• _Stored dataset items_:
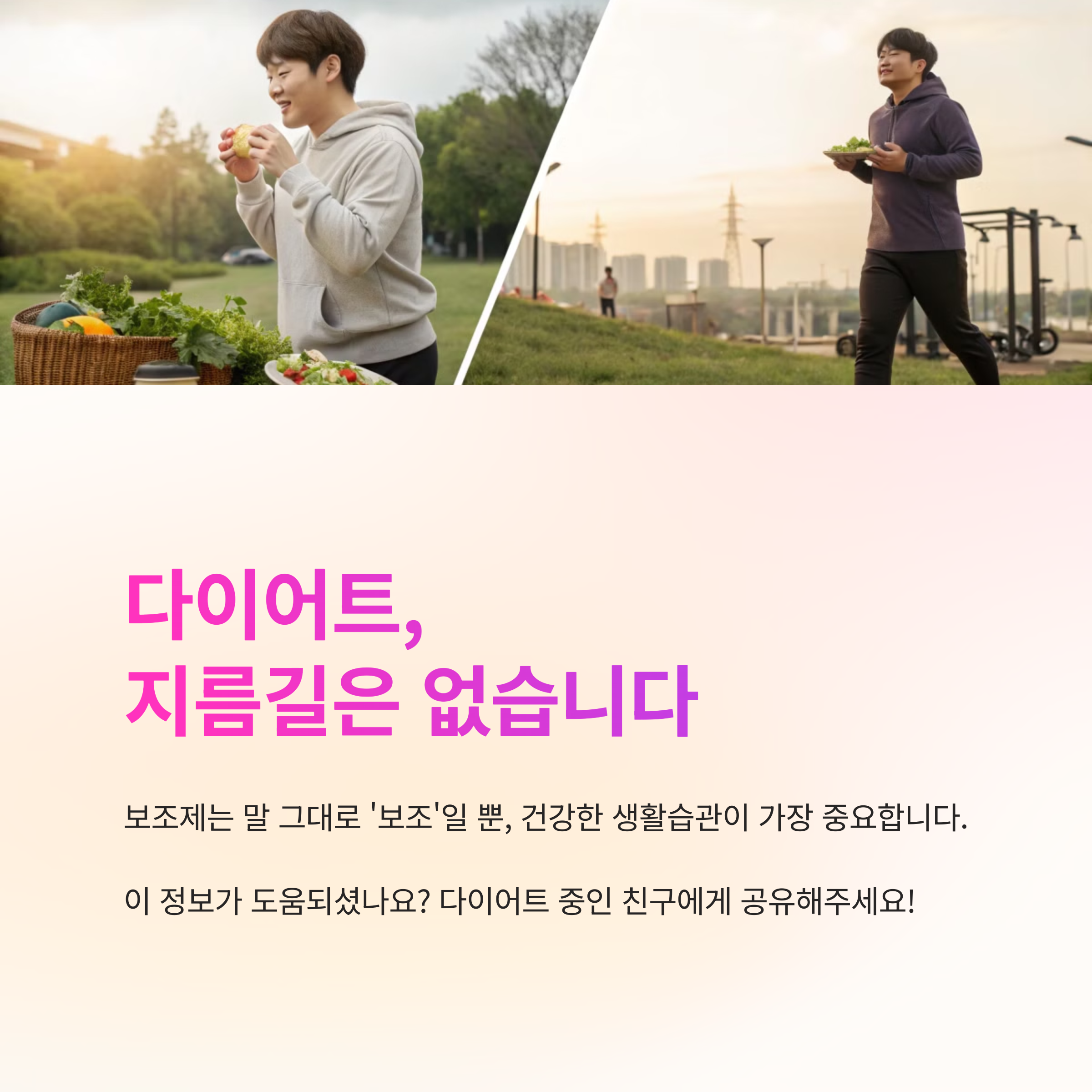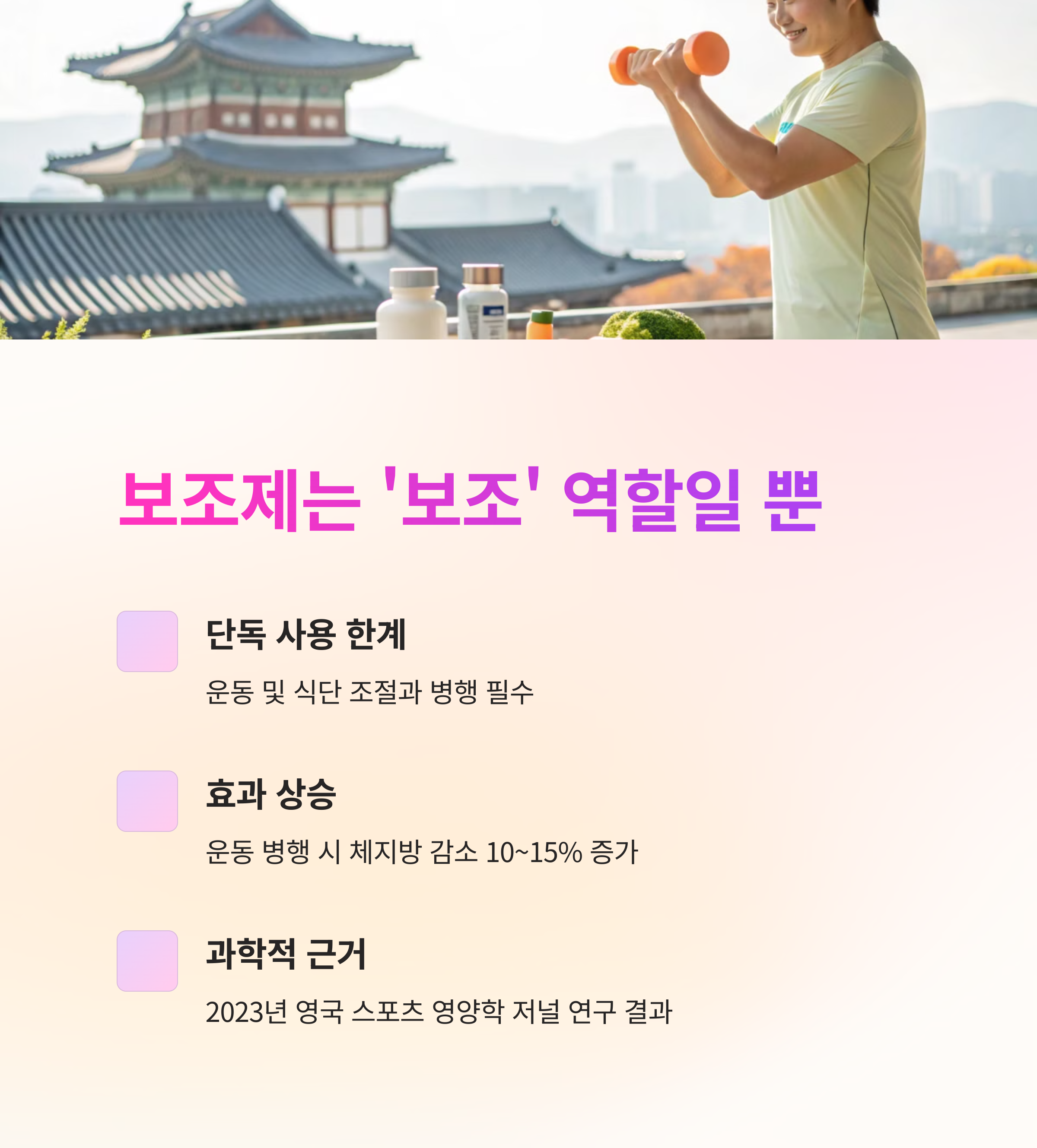 다이어트 보조제는 단독으로 체지방을 감소시키는 것이 아니라 '보조적인 역할'을 한다는 점을 이해하는 것이 중요합니다.
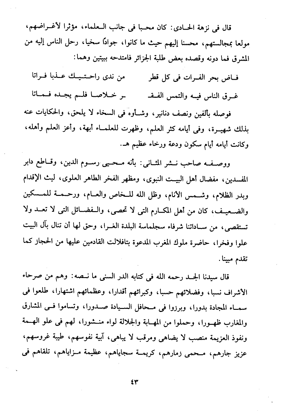 قال سيدنا الجد رحمه الله في كتابه الدر السنى ما نصه: وهم من صرحاء الأشراف نسبا، وفضلائهم حسبا، وكبرائهم أقدارا، وعظمائهم اشتهارا، طلعوا في سماء المجادة بدورا، وبرزوا في محافل السيادة صدورا، وتساموا في المشارف والمغارب ظهورا، وحملوا من المهابة والجلالة لواء منشورا، لهم في علو الهمة ونفوذ العزيمة منصب لا يضاهى ومرقب لا يباهى، آبية نفوسهم، طيبة غروسهم، عزيز جارهم، محمى زمارهم، كريمة سجاياهم، عظيمة مزاياهم، تلقاهم في
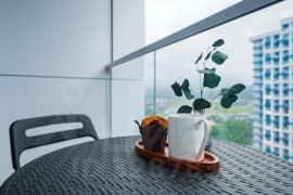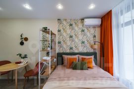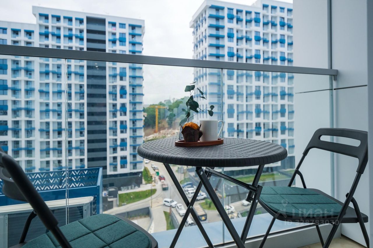 Просторная светлая студия с уютным балконом, идеальным для утреннего кофе или вечернего отдыха.
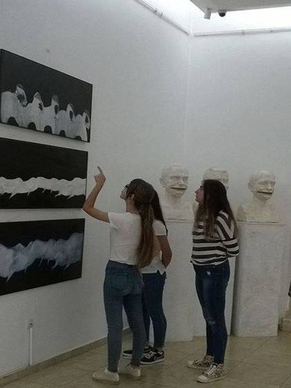 Vizitatori, la Muzeul Brăilei „Carol I” - Galeria de Artă „Gheorghe Naum”. Expoziţia Ziarului Neconvenţional România. Elevi de la Liceul de Arte „Hariclea Darclée"
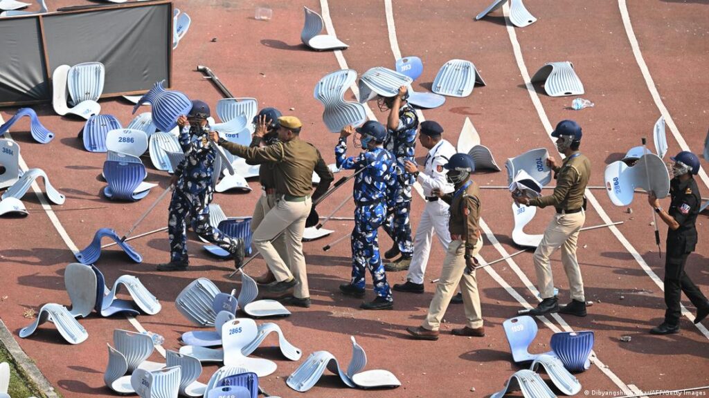 تحولت جولة لاعب كرة القدم الأرجنتيني ليونيل ميسي، للهند أمس السبت إلى فوضى عارمة، بعد أن أقدم مشجعون غاضبون على إلقاء الزجاجات والكراسي ومقذوفات أخرى أحد الملاعب الهندية.
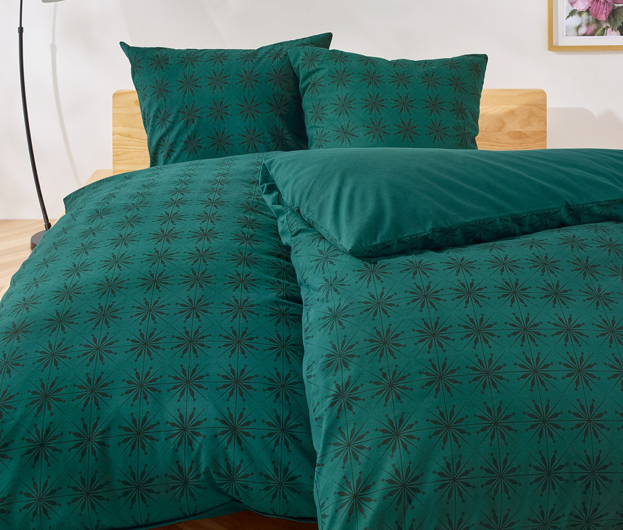 Pamutflanel ágynemű, csillagos, sötétzöld, kétszemélyes
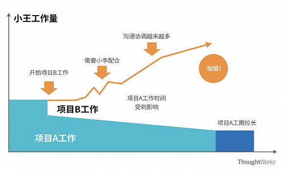 你是一位IT管理者,小王是一位认真负责的开发人员。一天他告诉你,现在项目A上他的工作进入尾声了,接下来只需要占用他一半的工作时间。这样的情况下,小王希望请示接下来的工作安排。在实际工作过程中,大家会赶快告诉小王启动项目B的工作,或者分配给他项目C的部分工作。假设小王启动了项目B的工作,很快他发现需要小李协助才能开展分析工作,而小李这个时候正在项目A上忙得不可开交。接下来有意思的事情就发生了,小王显然会要求小李配合,而这事儿如果真正发生了,显然就耽误了项目A的工期,那么项目A的完成时间就要推后了。小王和小李有可能找到你来请示工作优先级,然而,可怕地是,在你的意识里,会觉得这显然是“加加班”就能解决的问题!
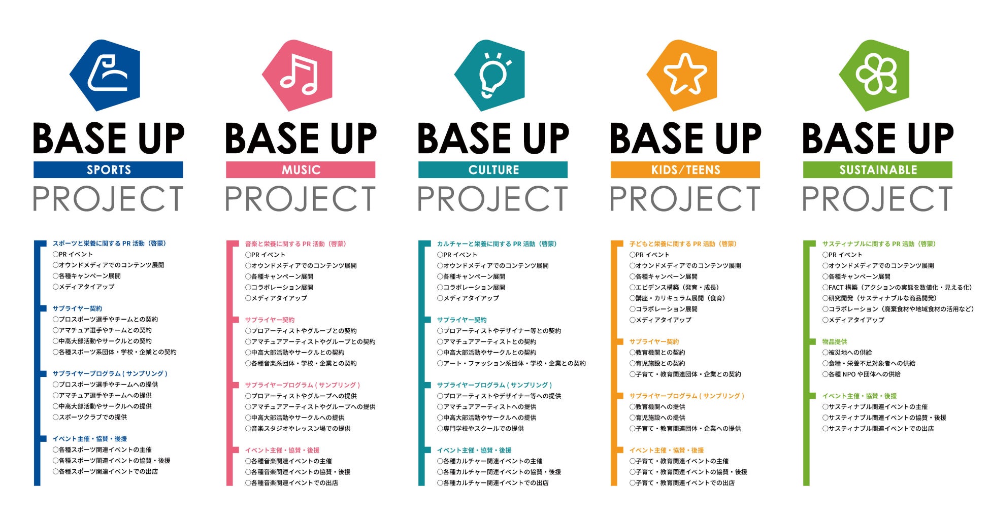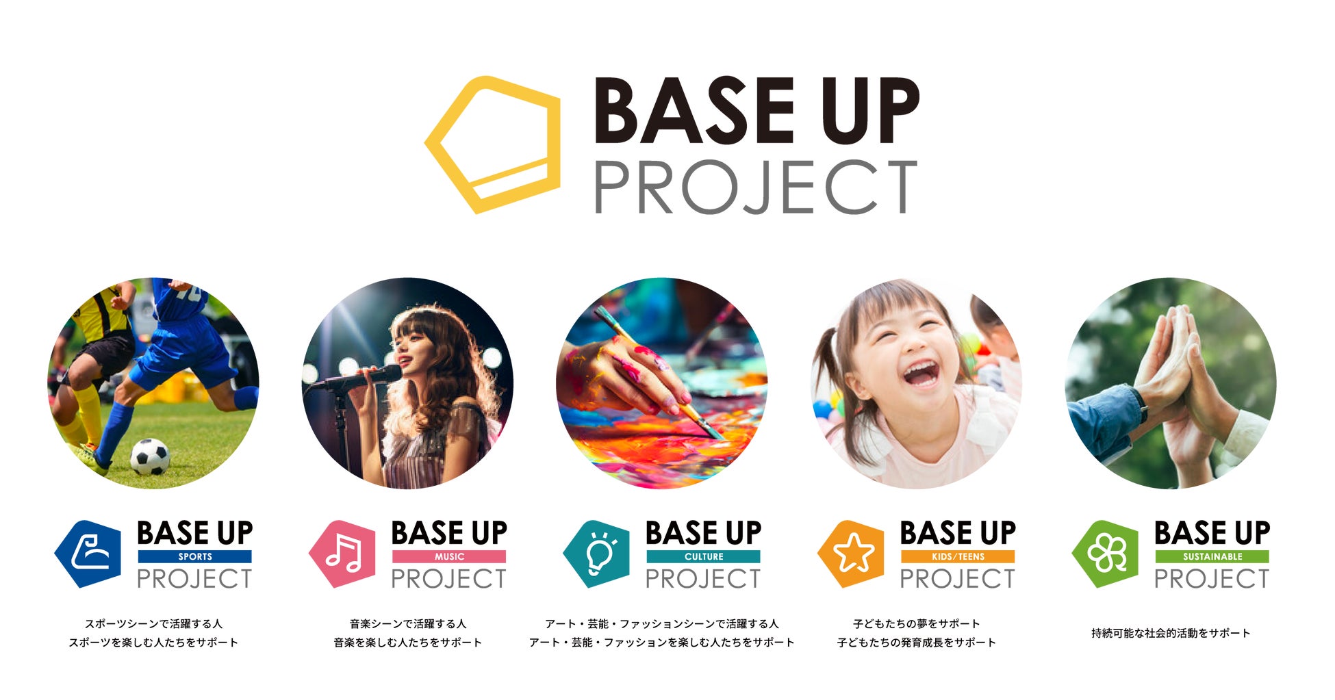 本プロジェクトでは、スポーツ、音楽、芸術、カルチャーなどのシーンで活躍する人たちやそれらを楽しむ人たち、夢を実現するために頑張っている方々、そしてサスティナブルな社会の実現に向け、「栄養」「健康」という側面から応援、サポートしていきたいと考えています。“明日の笑顔を皆さんと共に”そんな想いが込められた「BASE UP PROJECT」です。

• _The problem_:
Pictures must be left out of the answer, which should be exactly the lines from the one holding "قال سيدنا الجد" through the last line of the entries above, both included; please add nothing.

• _Result of the exercise_:
 قال سيدنا الجد رحمه الله في كتابه الدر السنى ما نصه: وهم من صرحاء الأشراف نسبا، وفضلائهم حسبا، وكبرائهم أقدارا، وعظمائهم اشتهارا، طلعوا في سماء المجادة بدورا، وبرزوا في محافل السيادة صدورا، وتساموا في المشارف والمغارب ظهورا، وحملوا من المهابة والجلالة لواء منشورا، لهم في علو الهمة ونفوذ العزيمة منصب لا يضاهى ومرقب لا يباهى، آبية نفوسهم، طيبة غروسهم، عزيز جارهم، محمى زمارهم، كريمة سجاياهم، عظيمة مزاياهم، تلقاهم في
 Просторная светлая студия с уютным балконом, идеальным для утреннего кофе или вечернего отдыха.
 Vizitatori, la Muzeul Brăilei „Carol I” - Galeria de Artă „Gheorghe Naum”. Expoziţia Ziarului Neconvenţional România. Elevi de la Liceul de Arte „Hariclea Darclée"
 تحولت جولة لاعب كرة القدم الأرجنتيني ليونيل ميسي، للهند أمس السبت إلى فوضى عارمة، بعد أن أقدم مشجعون غاضبون على إلقاء الزجاجات والكراسي ومقذوفات أخرى أحد الملاعب الهندية.
 Pamutflanel ágynemű, csillagos, sötétzöld, kétszemélyes
 你是一位IT管理者,小王是一位认真负责的开发人员。一天他告诉你,现在项目A上他的工作进入尾声了,接下来只需要占用他一半的工作时间。这样的情况下,小王希望请示接下来的工作安排。在实际工作过程中,大家会赶快告诉小王启动项目B的工作,或者分配给他项目C的部分工作。假设小王启动了项目B的工作,很快他发现需要小李协助才能开展分析工作,而小李这个时候正在项目A上忙得不可开交。接下来有意思的事情就发生了,小王显然会要求小李配合,而这事儿如果真正发生了,显然就耽误了项目A的工期,那么项目A的完成时间就要推后了。小王和小李有可能找到你来请示工作优先级,然而,可怕地是,在你的意识里,会觉得这显然是“加加班”就能解决的问题!
 本プロジェクトでは、スポーツ、音楽、芸術、カルチャーなどのシーンで活躍する人たちやそれらを楽しむ人たち、夢を実現するために頑張っている方々、そしてサスティナブルな社会の実現に向け、「栄養」「健康」という側面から応援、サポートしていきたいと考えています。“明日の笑顔を皆さんと共に”そんな想いが込められた「BASE UP PROJECT」です。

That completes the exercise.